-------- The records --------
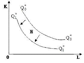 Рис. 8.11. Сдвиг изокванты в результате технического прогресса
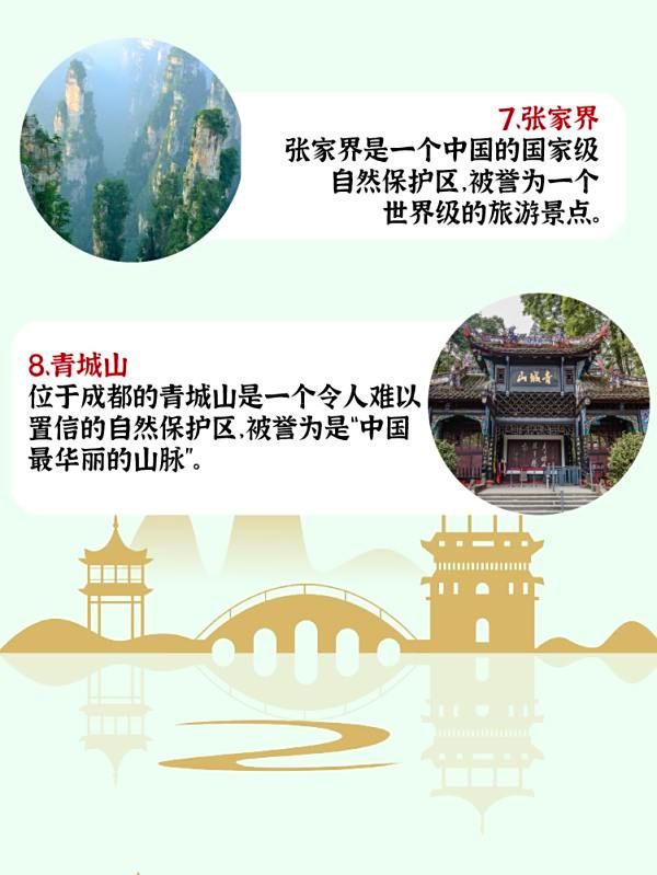 7、张家界:张家界是一个中国的国家级自然保护区,被誉为一个世界级的旅游景点。
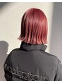 切りっぱなしボブにピンクカラーを合わせて個性のあるおしゃれボブに!
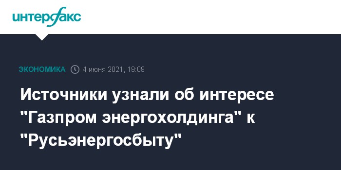 Источники узнали об интересе "Газпром энергохолдинга" к "Русьэнергосбыту"
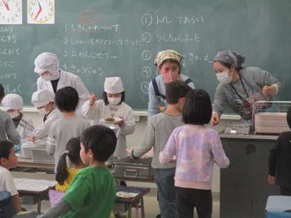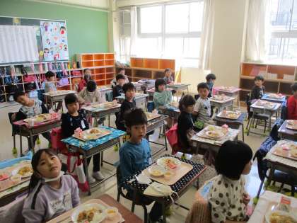 今日から給食が始まりました。1年生にとって給食の準備・片付けはとても大変です。おひさまボランティアの皆様のご協力のおかげで、スムーズに準備ができました。ありがとうございます。
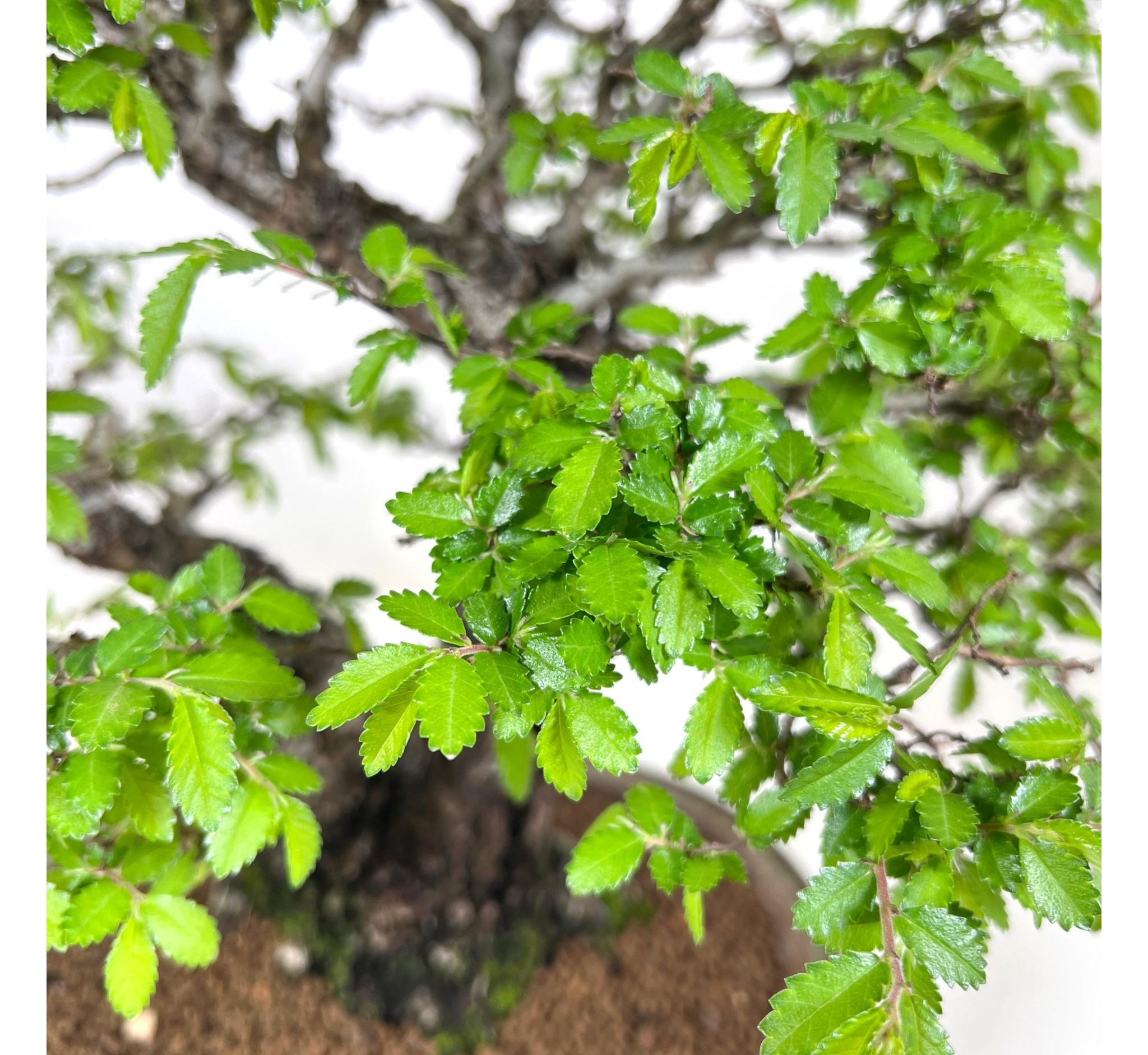 Bonsai of Ulmus Parviflora (elm), a deciduous species, highly valued in bonsaism for its hardiness, harmonious growth and dense branching. The compact and well-balanced foliage, composed of small toothed leaves, gives the bonsai tree a mature and rich character. The foliage turns orange-yellow in autumn and sheds its leaves in winter. This specimen has a very robust, old-looking trunk with a sinuous and elegant development. Cultivated in an oval blue and bronze glazed stoneware pot, and is perfect for enhancing the bright colors of the leaves and the dark color of the trunk.
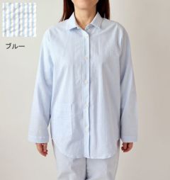 まるでシャツのようなストライプ柄。ズボンだけかえればゴミ出しはもちろん外出にも着ていけそうです!涼しい夏のルームウェアとしても
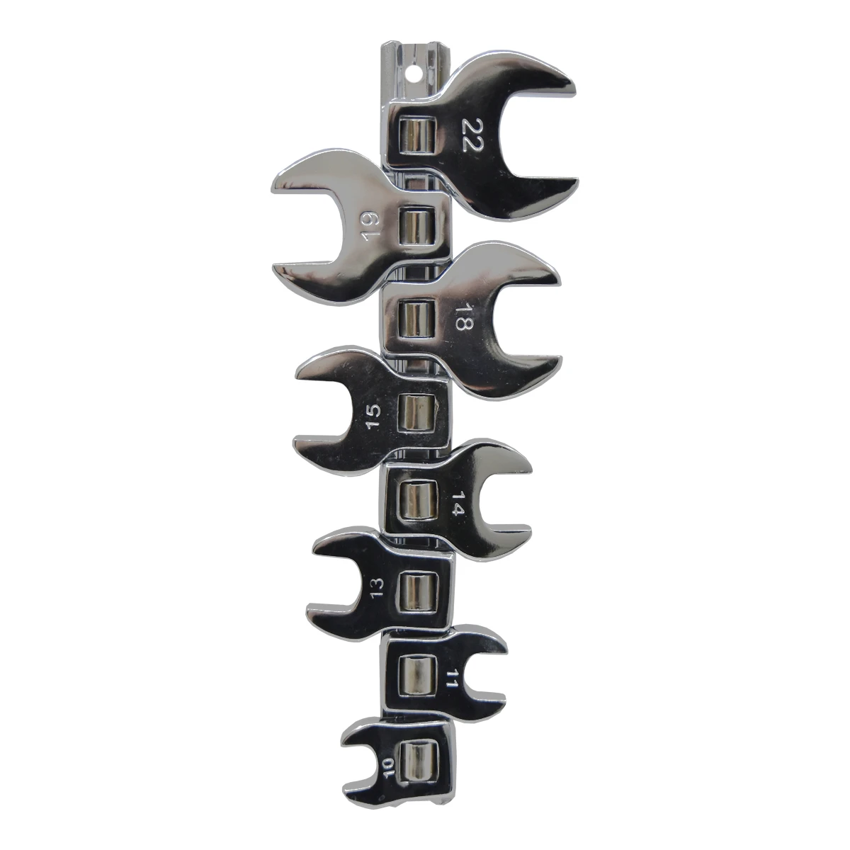 8PC Crow Foot Wrench Set Metric Carbon Steel, Size: 10mm; 11mm13mm14mm; 15mm; 18mm; 19mm; 22mm, Carbon steel. Drop forged, Heat treated.
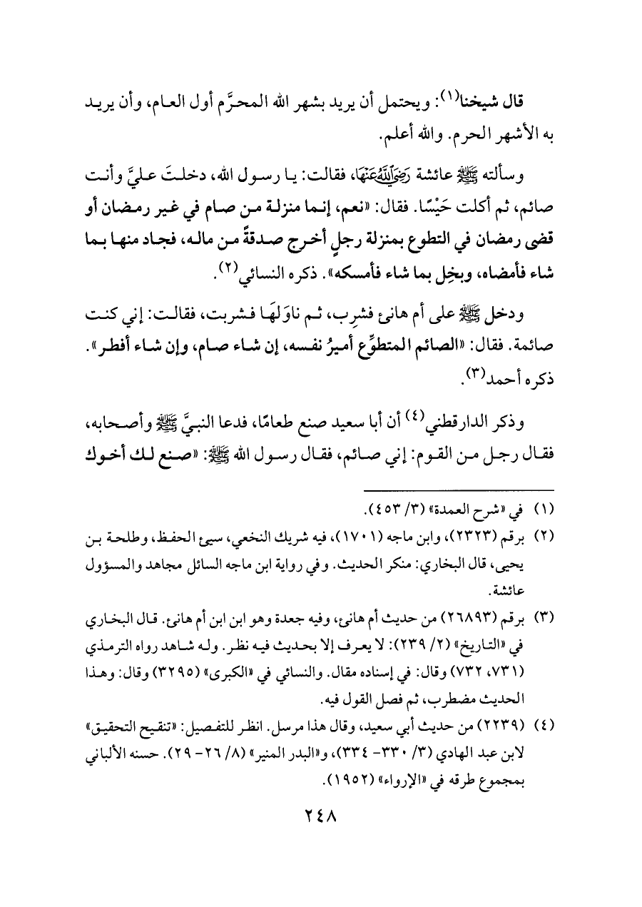 وسألته - صلى الله عليه وسلم - عائشة - رضي الله عنها -، فقالت: يا رسول الله، دخلتَ عليَّ وأنت صائم، ثم أكلت حَيْسًا. فقال: «نعم، إنما منزلة من صام في غير رمضان أو قضى رمضان في التطوع بمنزلة رجلٍ أخرج صدقةً من ماله، فجاد منها بما شاء فأمضاه، وبخِل بما شاء فأمسكه». ذكره النسائي (¬٢).
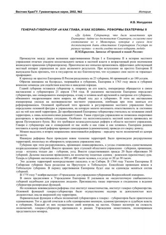 Библиографическое описание:Желудкова, Ирина Витальевна. Генерал-губернатор "и как глава, и как хозяин". Реформы Екатерины II / И. В. Желудкова. - Текст : непосредственный // Вестник Красноярского государственного университета. - 2002. - Гуманитарные науки, № 2. - С. 105-108. - Библиогр. в конце ст.
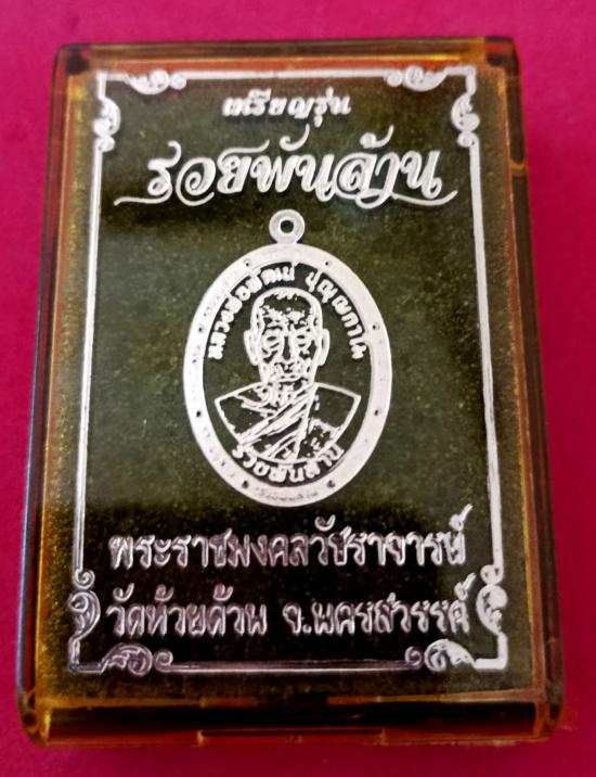 หลวงพ่อพัฒน์ เหรียญรุ่น รวยพันล้าน เนื้อเงินซาติน ลงยาจีวรเหลือง NO.๑๐๔ |
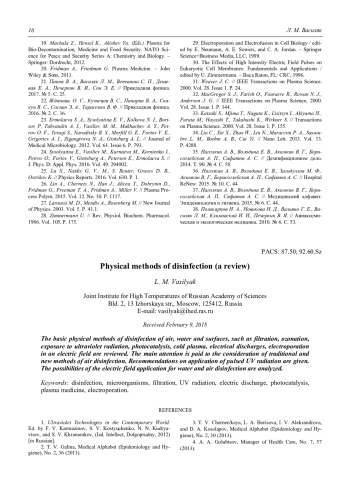 L. M. Vasilyak Physical methods of disinfection (a review) 5
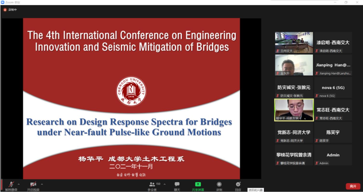 由湖南大学、同济大学共同主办,陈政清院士担任学术委员会主席,兰州交通大学等多家教学科研单位共同协办的第四届桥梁结构防震减灾与工程创新国际会议,于2021年11月20-21日克服疫情影响,采用线上形式召开。
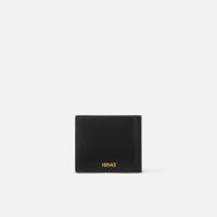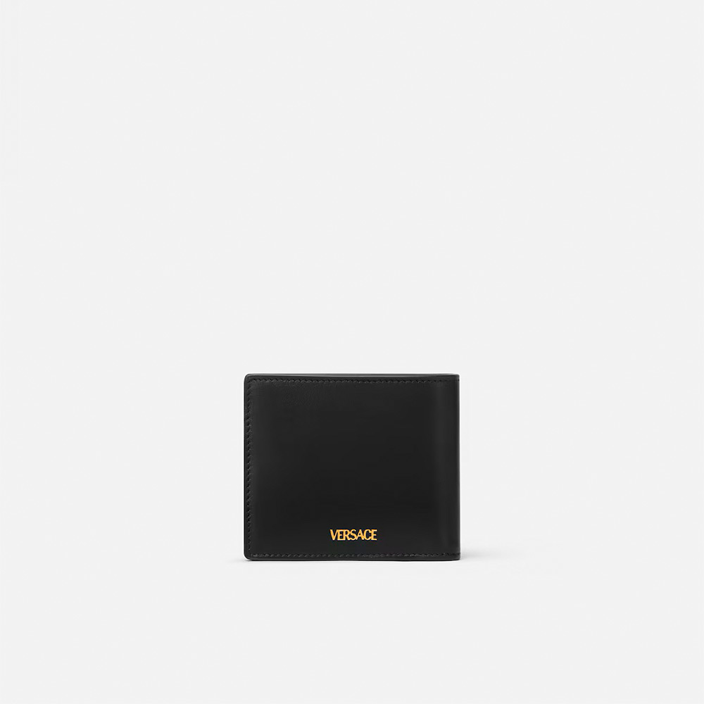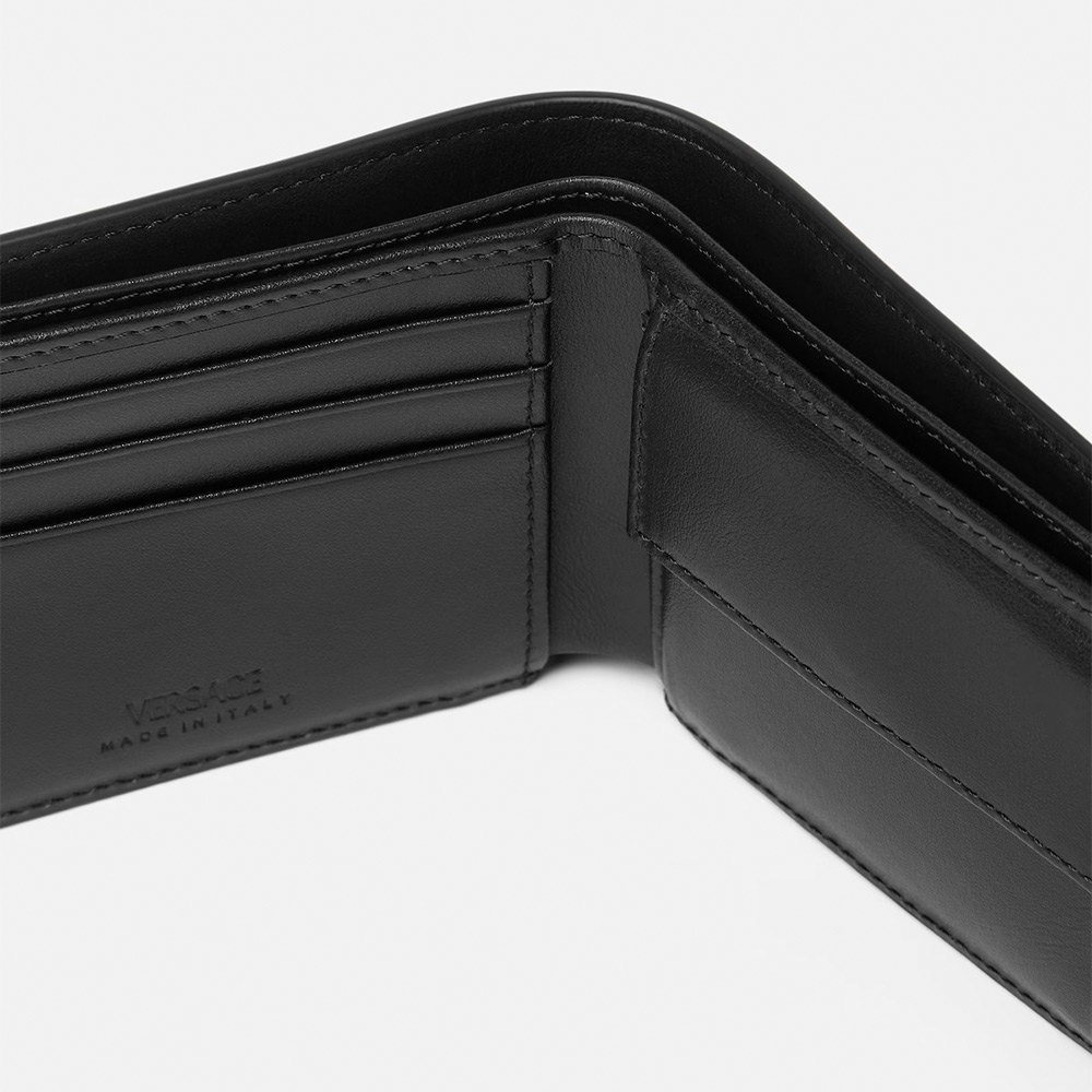 特徴的なレターV 型のハードウェア、フロント面のエナメル仕上げのヴェルサーチェ ロゴ刻印が際立つ仕上がりの、コンパクトな二つ折りウォレット。内部には複数のカード スロット、2 つの紙幣用コンパートメント、スナップボタン留めのコイン ポーチを備えたデザイン。
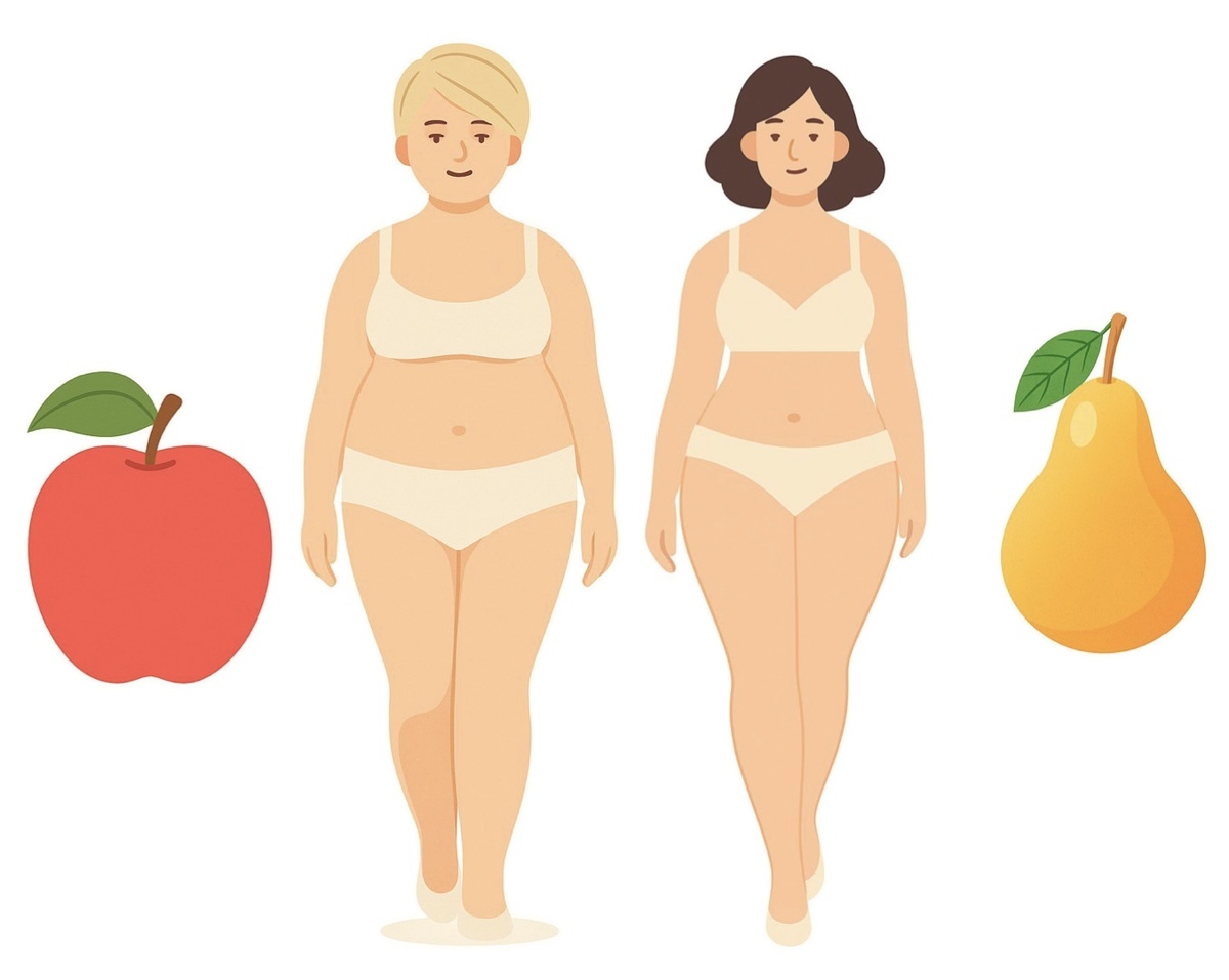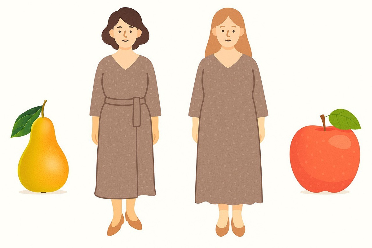 Стомакот не изгледа еднакво кај сите – и пристапот за негово маскирање зависи од формата на телото. Кај фигура „круша“, стомакот е сместен под половината, а половината останува изразена. Овој тип има нагласени колкови и понежно оформен горен дел. Кај „јаболко“ стомакот е повисок, половината слабо видлива, а тежиштето е во горниот дел од телото.
--------
* _What you have to do_
In the listing above, find the line holding "L. M. Vasilyak" and the line holding "スロット、2 つの紙幣用コンパートメント、スナップボタン留めのコイン ポーチを備えたデザイン。". Reproduce those two lines and all between them exactly, leaving out pictures.

* _Response area_
 L. M. Vasilyak Physical methods of disinfection (a review) 5
 由湖南大学、同济大学共同主办,陈政清院士担任学术委员会主席,兰州交通大学等多家教学科研单位共同协办的第四届桥梁结构防震减灾与工程创新国际会议,于2021年11月20-21日克服疫情影响,采用线上形式召开。
 特徴的なレターV 型のハードウェア、フロント面のエナメル仕上げのヴェルサーチェ ロゴ刻印が際立つ仕上がりの、コンパクトな二つ折りウォレット。内部には複数のカード スロット、2 つの紙幣用コンパートメント、スナップボタン留めのコイン ポーチを備えたデザイン。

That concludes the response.